К вечеру мы закончили погрузку эшелона.

— Дорога дальняя, устраивайтесь поудобнее, — сказал старший лейтенант Буньков.

Мы двинулись. Через всю Венгрию, потом через Румынию на Яссы, оттуда на Киев. В Киеве меня чуть не сняли с эшелона. Макака проболтался Бунькову: «У него очень высокая температура. Горит весь, посмотрите».

В Брянске мы узнали свой окончательный маршрут: Дальний Восток — Курильские острова.

Я обрадовался: Дальний Восток! Там — Наташа!

Больше я ничего не помнил. Ни то, как эшелон двинулся из Брянска, ни то, как попал в Москву, на Стромынку, в «свой» Центральный эвакогоспиталь…

Мать приходила ко мне уже трижды. Она изменилась и, как мне казалось, постарела за эти годы. Линии лица острые, глаза потускнели. Сколько же ей сейчас лет? Я подсчитывал в уме: вычитал, складывал, опять вычитал. Получилось сорок. Действительно много.

В четвертый раз она пришла не одна. Познакомила:

— Вот Леонид Иваныч, мой сослуживец…

Я смотрел на высокого, седого мужчину и почти не слушал его слов и слов матери. Они говорили о чем-то, а я видел мокрый окоп, и красноармейца рядом, и деревушку впереди, и мальчонку на дороге — в ушанке и одной рубашке, а потом я бежал к нему… Нет, это не я бежал.

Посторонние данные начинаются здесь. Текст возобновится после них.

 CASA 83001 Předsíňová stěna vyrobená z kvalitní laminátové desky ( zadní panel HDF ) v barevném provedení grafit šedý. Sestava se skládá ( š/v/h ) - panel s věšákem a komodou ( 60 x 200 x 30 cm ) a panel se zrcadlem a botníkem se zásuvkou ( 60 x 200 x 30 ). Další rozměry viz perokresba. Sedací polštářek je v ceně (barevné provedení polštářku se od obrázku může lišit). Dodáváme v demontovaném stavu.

Это бежал отец! Неужели мать забыла все это? Впрочем, почему забыла, когда она этого просто не видела… А в Лежайске я видел и Геннадия Васильевича, и Наташу, шедшую рядом с ним… И все равно она не стала мне от этого дальше. И она сама, любившая его, ни в чем не обидев памяти о нем, — любит, я верю в это, любит меня.

Что это? Неужели я просто несправедлив к ней, своей матери?

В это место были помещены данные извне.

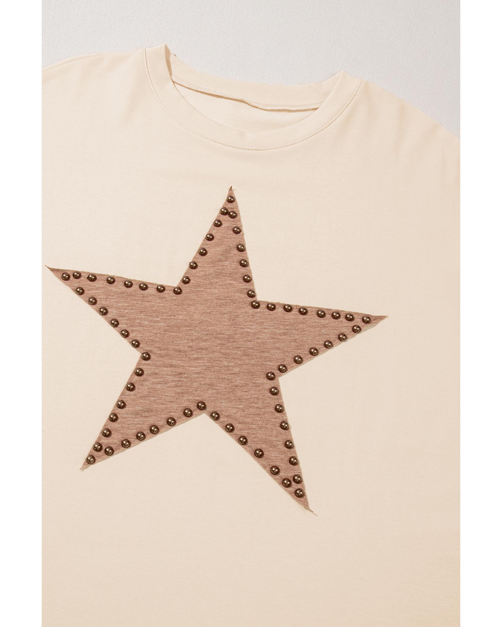 Beige Star Shape Studded Crew Neck Plus Size T Shirt – 4X

Леонид Иванович вышел из палаты первым. Прощаясь, извинился:

— Пойду покурю…

Мать осталась. Рассеянно осмотрела палату и моих соседей, спросила, уже в какой раз, что принести мне в четверг, потом сказала:

— Я вот посоветоваться хотела… Как тебе Леонид Иваныч?

Может быть, мне надо было найти какие-то более тонкие слова, чтобы не обидеть ее.

Но я, кажется, не нашел:

— Что ж, по-моему, он симпатичный. Женись!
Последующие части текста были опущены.